La SEO negativa consiste in un insieme di tecniche volte a danneggiare il posizionamento di un sito web e la reputazione di un’azienda o di una persona. Ecco quali sono e come difendersi
La SEO negativa, detta anche black hat, è un insieme di tecniche illecite nei confronti dei concorrenti. Le tecniche di negative SEO sono volte a danneggiare i siti web dei competitors e possono essere davvero dannose. Purtroppo sul web esistono anche questi comportamenti, che nulla hanno a che vedere con operazioni di SEO lecite (white hat), messe in atto semplicemente per migliorare la visibilità del proprio sito web. Un esempio su tutti di negative SEO è l’utilizzo di link spam.

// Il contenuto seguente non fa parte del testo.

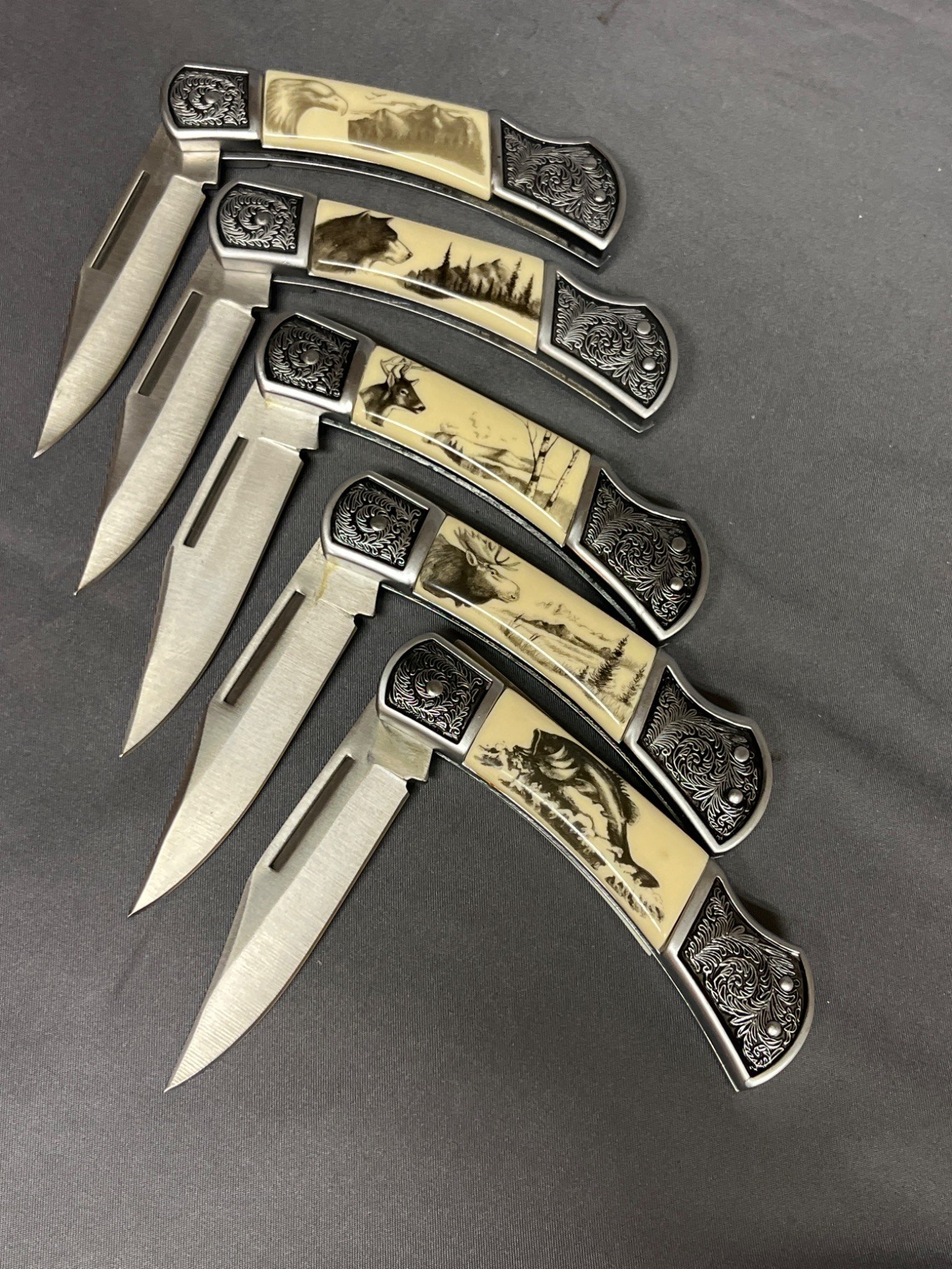 69 5 Folding Pocket Knives with Wildlife-Themed Handles and Stainless Steel Blades
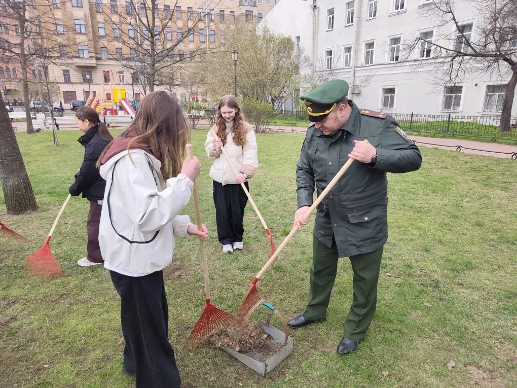 В Северной столице офицеры военного следственного управления по Ленинградскому военному округу совместно с кадетами подшефного класса школы № 167 Центрального района провели работы по благоустройству Овсянниковского сада (сад Чернышевского).
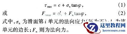 若土体平衡时滑动面单元 (节点)的切向力 Fr大于可能产生的最大切向力Frmax,则属于滑动型,否则属于固定型;若法向弹簧力为拉力,则属于张开型。
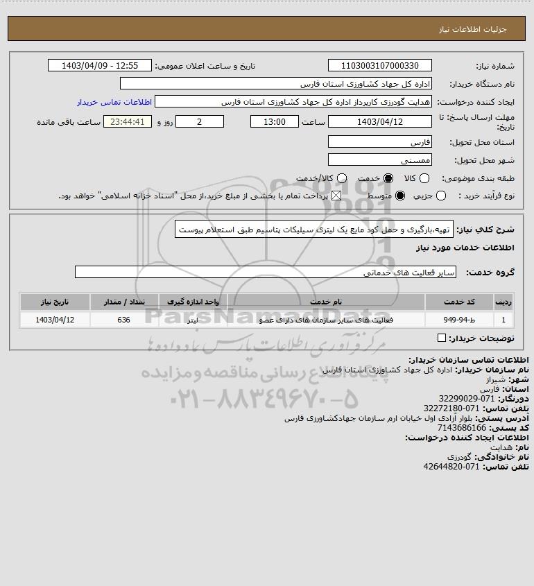 شرح کلی نیاز: تهیه،بارگیری و حمل کود مایع یک لیتری سیلیکات پتاسیم طبق استعلام پیوست
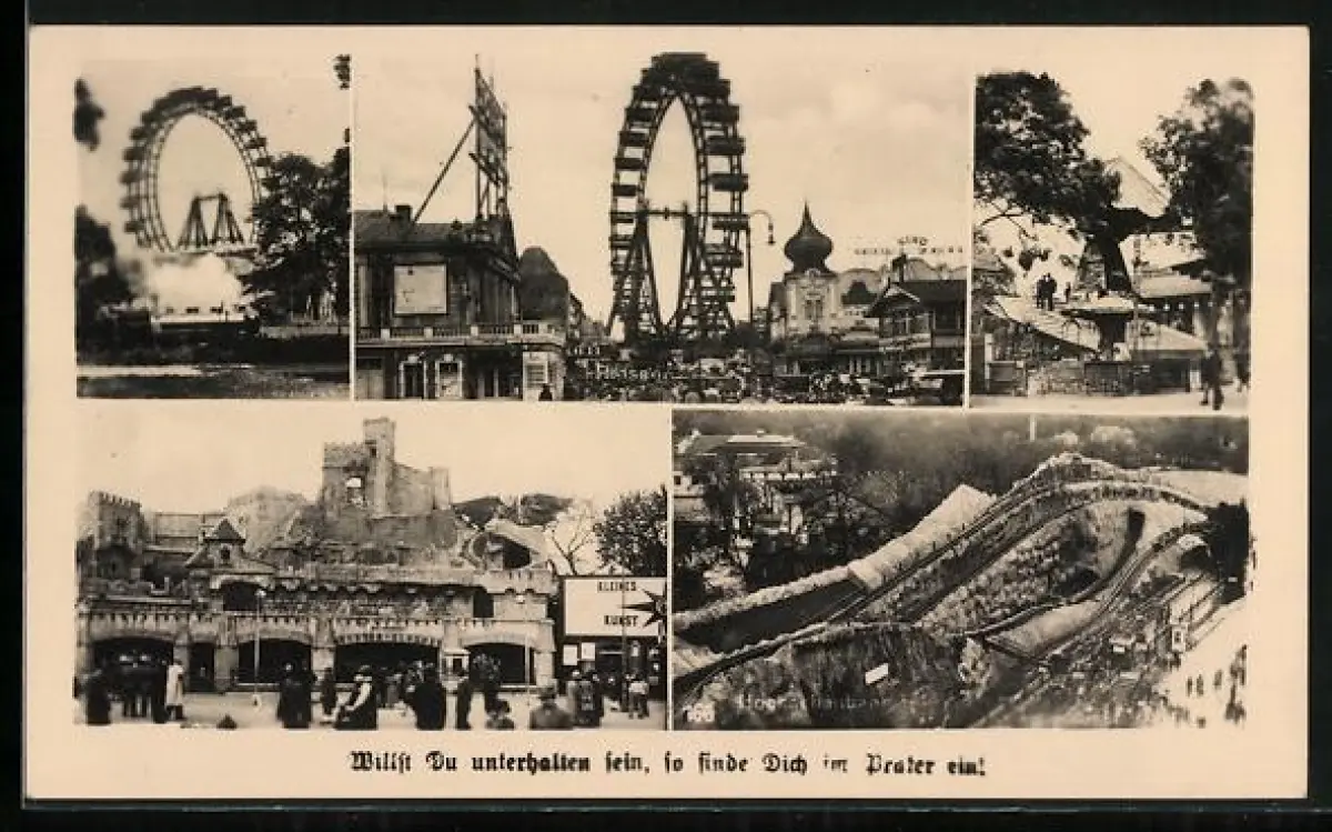 AK Partien vom Wiener Prater, Riesenrad und Hochschaubahn
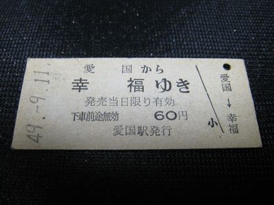 いまや廃線となった 北海道の広尾線の 幸福駅の切符です
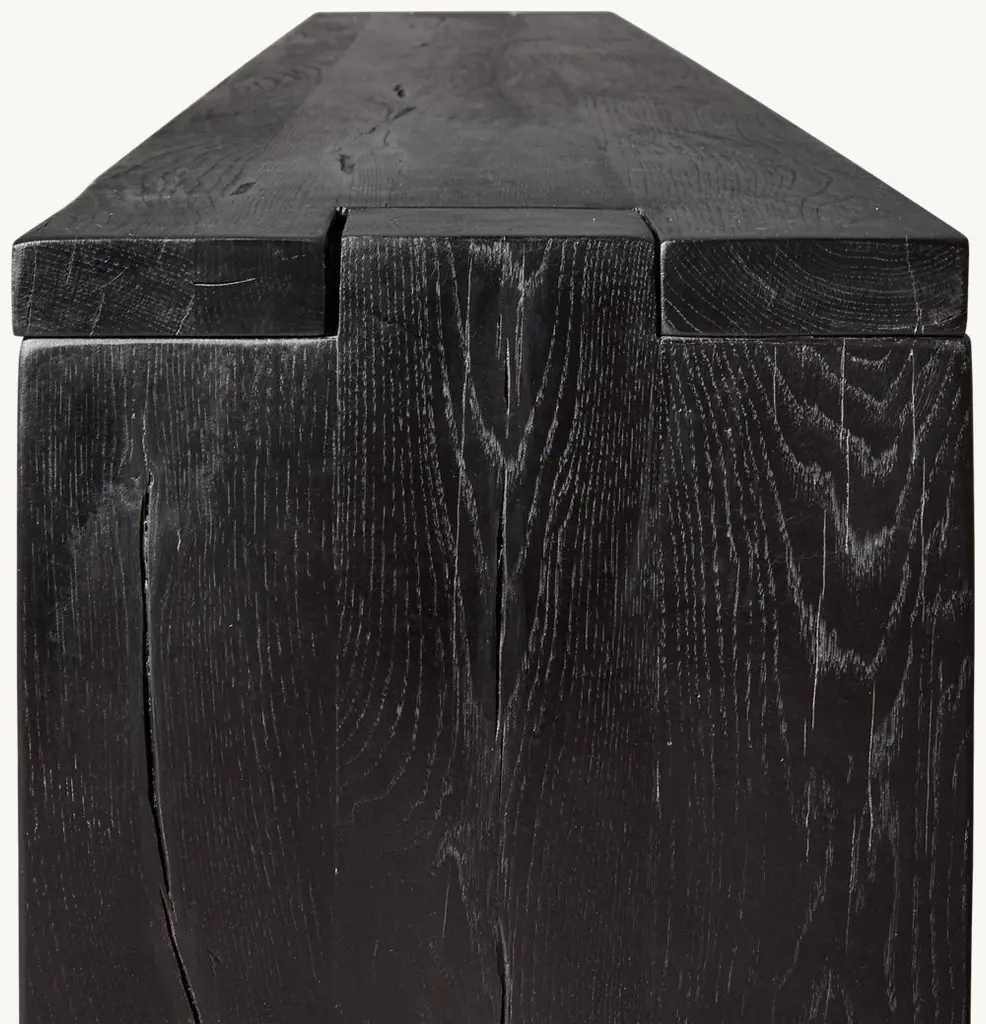 Reclaimed oak timbers from decades-old buildings, with distressed white oak planks for consistency and stability, lend richness to this simple, linear collection from artisan Theo Eichholtz. Each piece is handcrafted of wood that retains its natural character, bearing the occasional knot, nick or crack where no two tables are exactly the same. SHOP THE ENTIRE COLLECTION
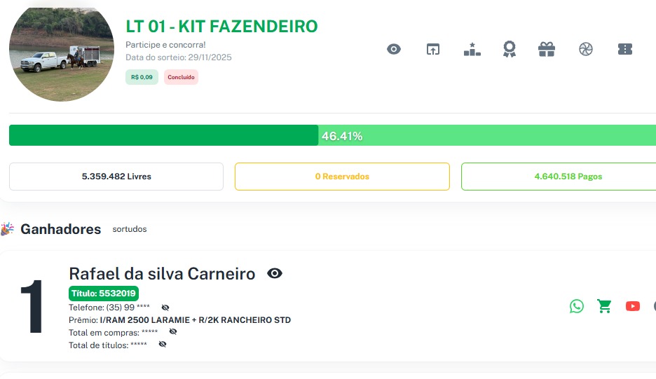 Premio Principal: I/RAM 2500 LARAMIE + R/2K RANCHEIRO STD
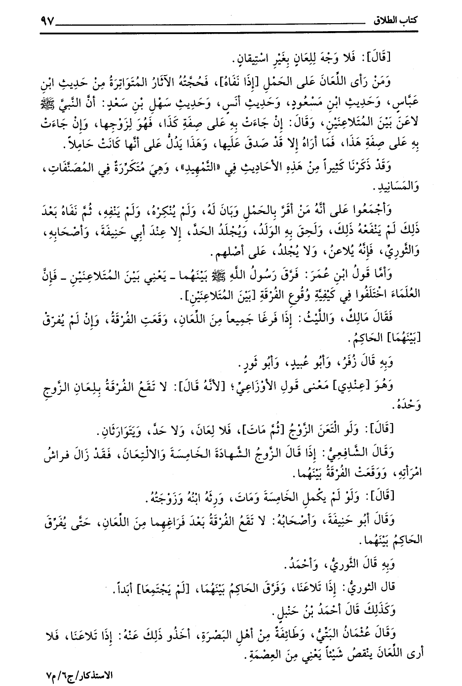 قَالَ أَبُو عُمَرَ جُمْلَةُ قَوْلِ مَالِكٍ وَأَصْحَابِهِ أَنَّ الْحَمْلَ لَا يَنْفِيهُ الزَّوْجُ بِمَا يَدَّعِيهِ مِنْ رُؤْيَةِ الزنى وَلَا يَنْتَفِي الْحَمْلُ إِلَّا بِدَعْوَى الِاسْتِبْرَاءِ وَأَنَّهُ لَمْ يَطَأْ بَعْدَ أَنِ اسْتَبْرَأَ
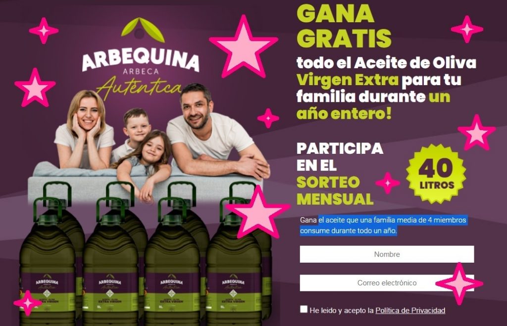 - Te llevará a la web de Arbequina.coop dónde ofrecen este sorteo.
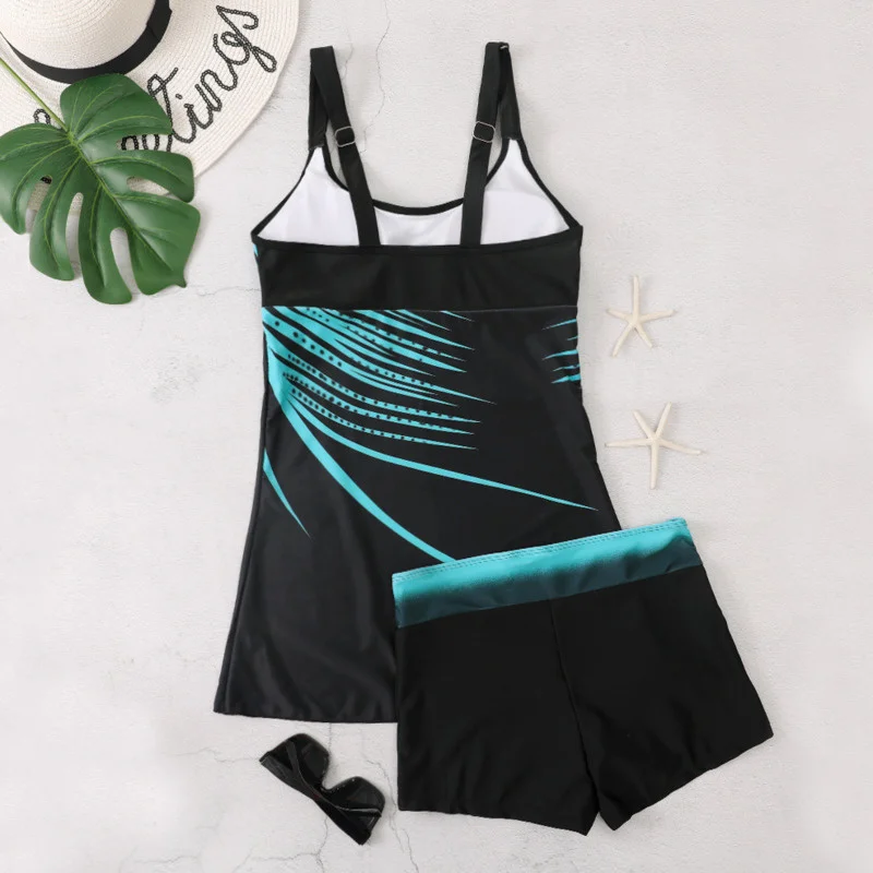 2022 летние купальники большого размера плюс с принтом, женские купальники, танкини, комплекты, Спортивная пляжная одежда для бассейна, купальный костюм из двух предметов, женские купальные костюмы

Agli albori del web, questi “trucchetti” erano molto diffusi e molto efficaci. Infatti Google non era ancora così performante ed “attento” come lo è oggi. Adesso, fare SEO negativa non è così facile, ma è comunque possibile. Gli occhi di Google sono in grado di riconoscere questi tentativi illeciti di danneggiamento, ma non sempre, specialmente se i siti presi di mira non sono molto autorevoli e strutturati. Inoltre, esistono purtroppo tecniche davvero alla portata di tutti e difficili da controllare, come quella delle recensioni negative. Vediamo dunque quali sono le principali operazioni di SEO negativa e come difendersi quando se ne cade vittima.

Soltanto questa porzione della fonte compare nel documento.